Instead of offering a comforting word to the thousands of persons, including old age pensioners, who stand to lose thousands of dollars in life investments, he instead focused on the judicial managers who he informed had been paid “dizzying millions”.

In typical Caribbean authoritarian style, he boasted of having a list of all those who invested in CLICO’s Executive Flexible Premium Annuities, which according to his legal advice “was not a traditional insurance product”.

While denying the public’s lack of confidence in the Government’s self-appointed oversight committee as a reflection of Government itself, he conveniently sought to demonize investors whose trust in the existing regulatory institutions had indeed informed their investment decisions in the first place.

When taken in the context of a recent CADRES poll, which showed his leadership ratings slipping to new lows, and his party’s popularity ratings as slipping by 11 per cent since the last general election, Prime Minister Stuart’s recent comments offer a moment for deeper analysis.

Stuart’s main challenge is his inability to convey genuine human empathy and identification with his public. He uses language to score points rather than to convey feeling. Hence his favourite weapon is silence since it is the most effective tool for simultaneously achieving these twin goals.
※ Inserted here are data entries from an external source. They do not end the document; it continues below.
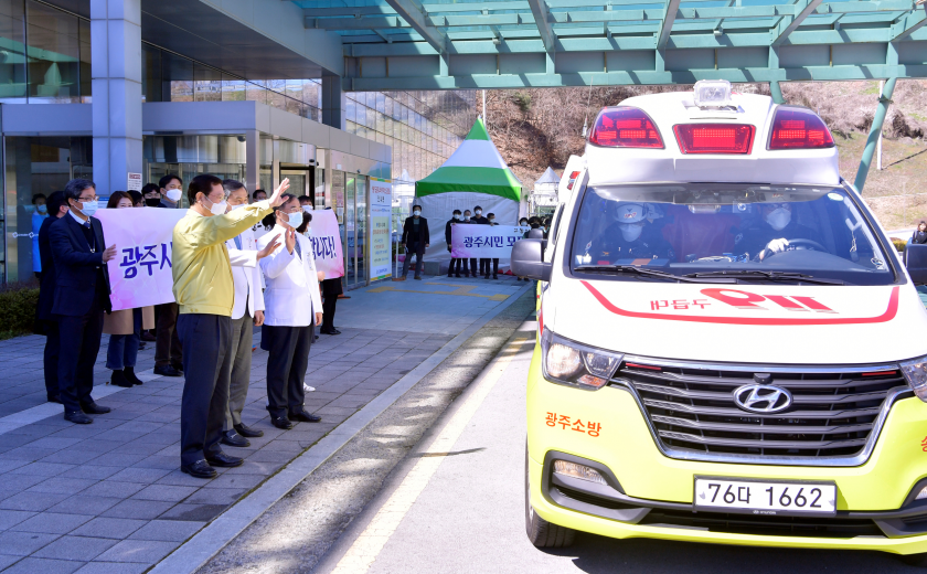 ºû°íÀ»Àü³²´ëº´¿ø¿¡¼ Äڷγª19 Ä¡·á¸¦ ¹Þ°í Åð¿øÇÑ ´ë±¸°æÁõȯÀÚ °¡Á·4¸íÀÌ 11ÀÏ À̿뼷 ½ÃÀå°ú º´¿øÃø ȯ¼ÛÀ» ¹ÞÀ¸¸ç ´ë±¸·Î µ¹¾Æ°¬´Ù. ±¤ÁÖ±¤¿ª½Ãû Á¦°ø.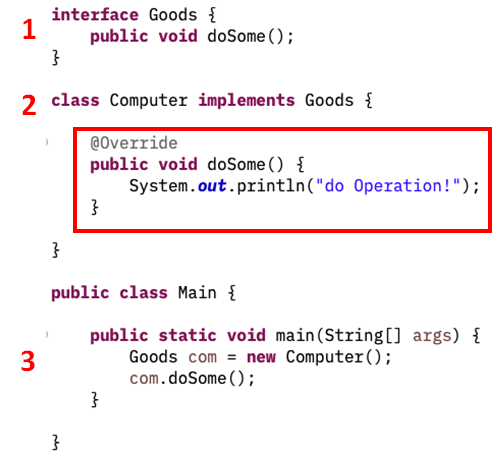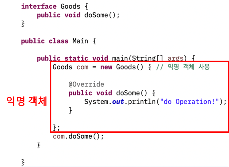 위와 같이 따로 클래스를 만들지 않고, 바로 코드 내에서 익명 객체를 만들어서 사용하기도 했다. 하지만 익명 객체는 재활용이 불가능하므로 Good를 구현한 객체가 자주 사용되어야 한다면, 아래와 같은 코드를 반복해서 사용하게 되고, 그러면 코드가 지저분해진다.
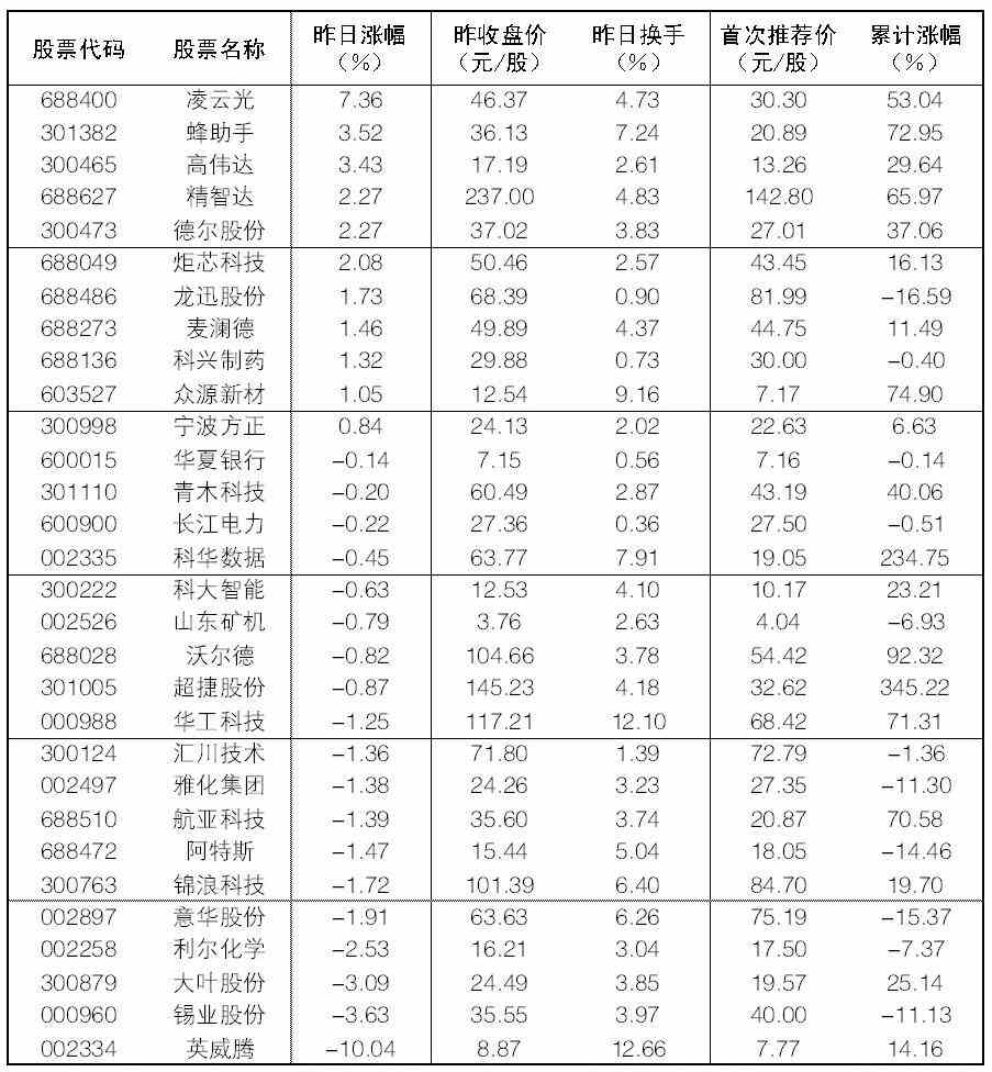 大眾30指數(shù)成份股中,16日漲幅前五位的分別是凌云光、蜂助手、高偉達、精智達、德爾股份,漲幅分別為7.36%、3.52%、3.43%、2.27%和2.27%;跌幅榜上,英威騰、錫業(yè)股份、大葉股份、利爾化學等跌幅居前。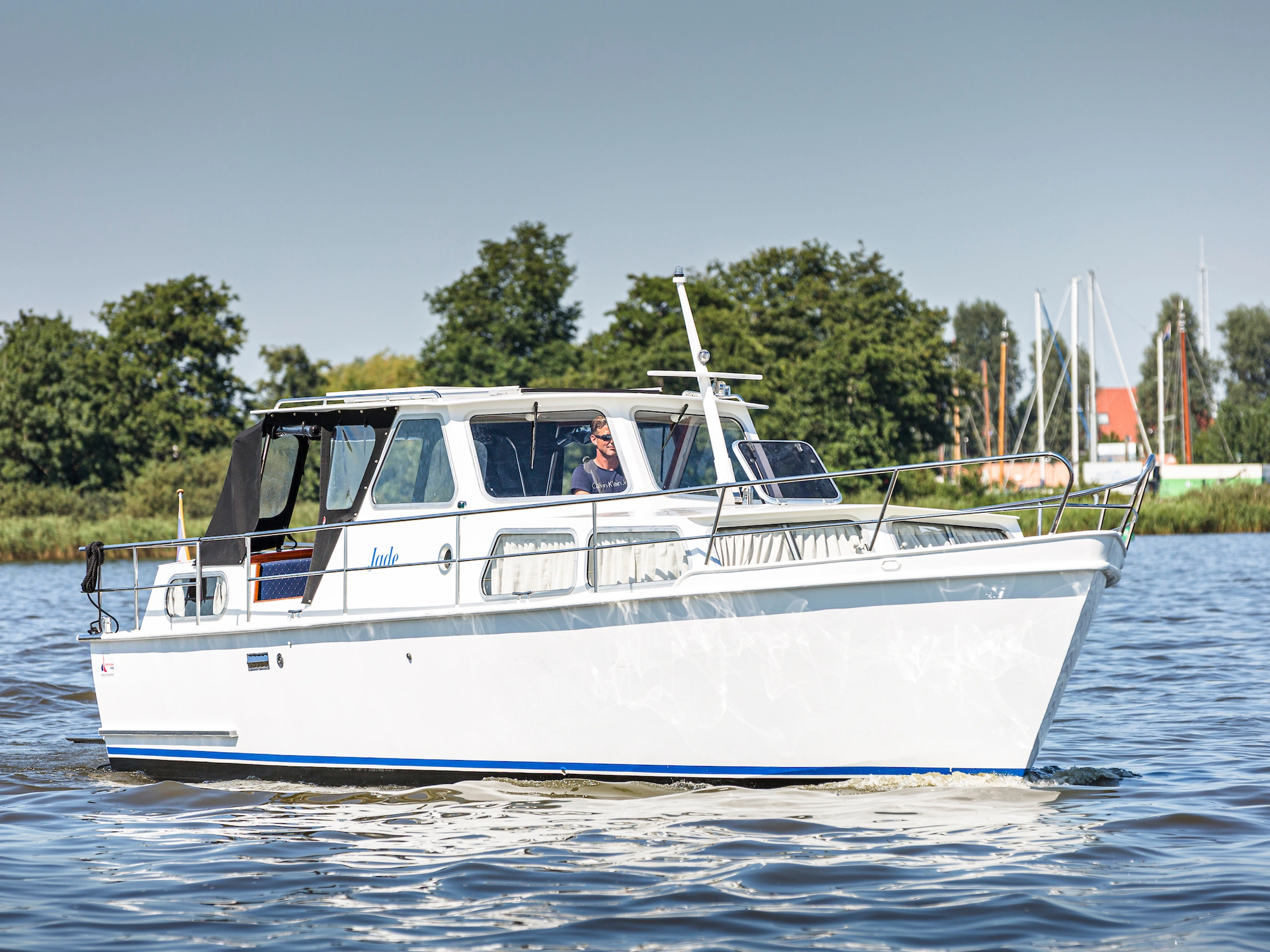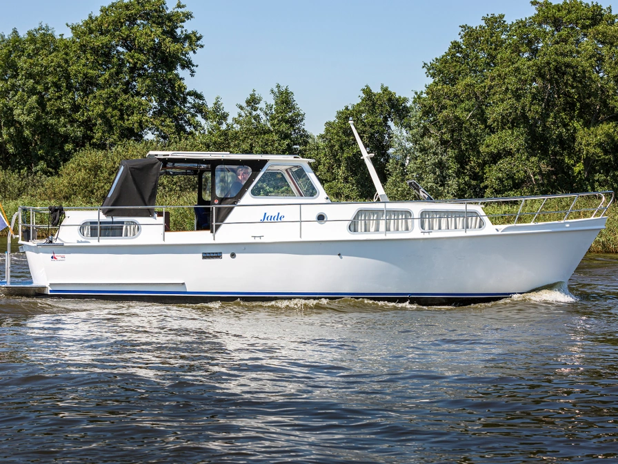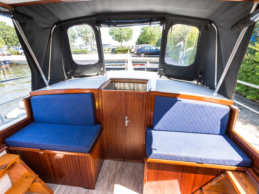 De Harderwijk Kruiser 10.50 AK is een heerlijk familieschip met een ruime achterkajuit. De kuip is voorzien van een overdekte stuurhut met schuifdak zodat u zich bij mooi zomerweer toch buiten waant. De zijkant en achterzijde van de stuurhut kan worden afgedekt met een tent (met ramen) zodat je bij iets minder mooi weer toch comfortabel kunt varen.

He is a lawyer always and a human less frequently.

A classic example of Stuart’s lawyering was seen where the Member for St George North accused the Government of avoiding a debate on the Estimates, by allowing the Opposition to speak without responses.
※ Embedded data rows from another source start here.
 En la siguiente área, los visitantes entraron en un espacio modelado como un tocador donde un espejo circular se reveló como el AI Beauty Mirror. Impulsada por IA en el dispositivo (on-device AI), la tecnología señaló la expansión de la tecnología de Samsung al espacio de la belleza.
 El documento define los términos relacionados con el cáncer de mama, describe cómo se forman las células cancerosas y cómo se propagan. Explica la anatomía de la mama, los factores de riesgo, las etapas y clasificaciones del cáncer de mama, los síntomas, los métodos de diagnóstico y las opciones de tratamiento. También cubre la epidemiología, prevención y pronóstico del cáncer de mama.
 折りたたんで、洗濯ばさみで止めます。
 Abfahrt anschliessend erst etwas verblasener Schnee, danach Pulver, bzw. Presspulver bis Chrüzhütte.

Stuart denied the claim and noted that the appropriate time for an economic policy debate was when the Government presented its Financial and Economic Policy resolution to Parliament, in keeping with former Prime Minister Owen Arthur’s practice of separating the Estimates debate from the Economic Policy debate.

What might have been forgotten was that on the last occasion in December 2014, no debate was held, since the Minister of Finance presented a Ministerial Statement, rather than a resolution to Parliament. Silence wins again.
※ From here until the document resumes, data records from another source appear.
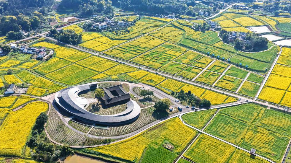 在四川省泸州市江阳区分水岭镇董允坝现代农业园区拍摄的油菜花田(3月4日摄,无人机照片)。新华社发(刘学懿摄)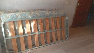Se vende somier y colchón de 90 cm. - Estructura del somier de metal. - Láminas de madera. - Colchón de tela.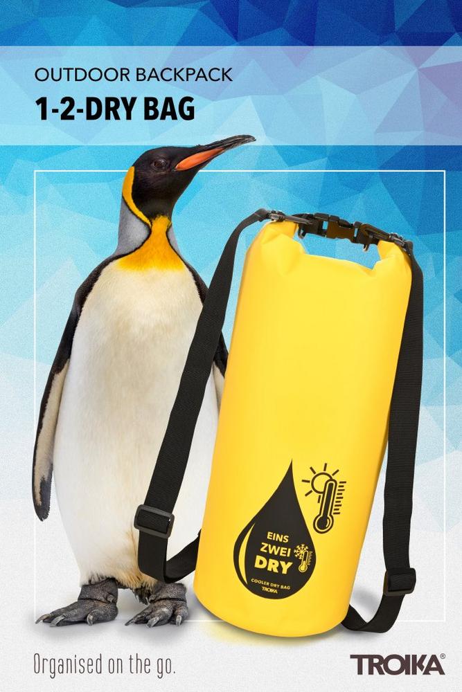 Anyone who is active outdoors needs a real buddy to whom you can entrust everything. The robust 1–2–DRY BAG has a capacity of ten litres and can be loaded with up to 10 kg. Everything inside stays dry in accordance with IPX6, thanks to heat-sealed seams and a practical roll-top closure. And stays cool for several hours thanks to the effective thermal lining. Backpack or bag? Just take both!

In a context of a failing economic environment, there is a lot to suggest that the Prime Minister is merely enjoying “power for its one sake”. Unless there is a miraculous shift in the economic fortunes of Barbados which can provide the Prime Minister with real material responses to the challenges which his country faces, then Barbados can expect the Prime Minister’s style to continue to oscillate between “silent speech” and cold sophistry.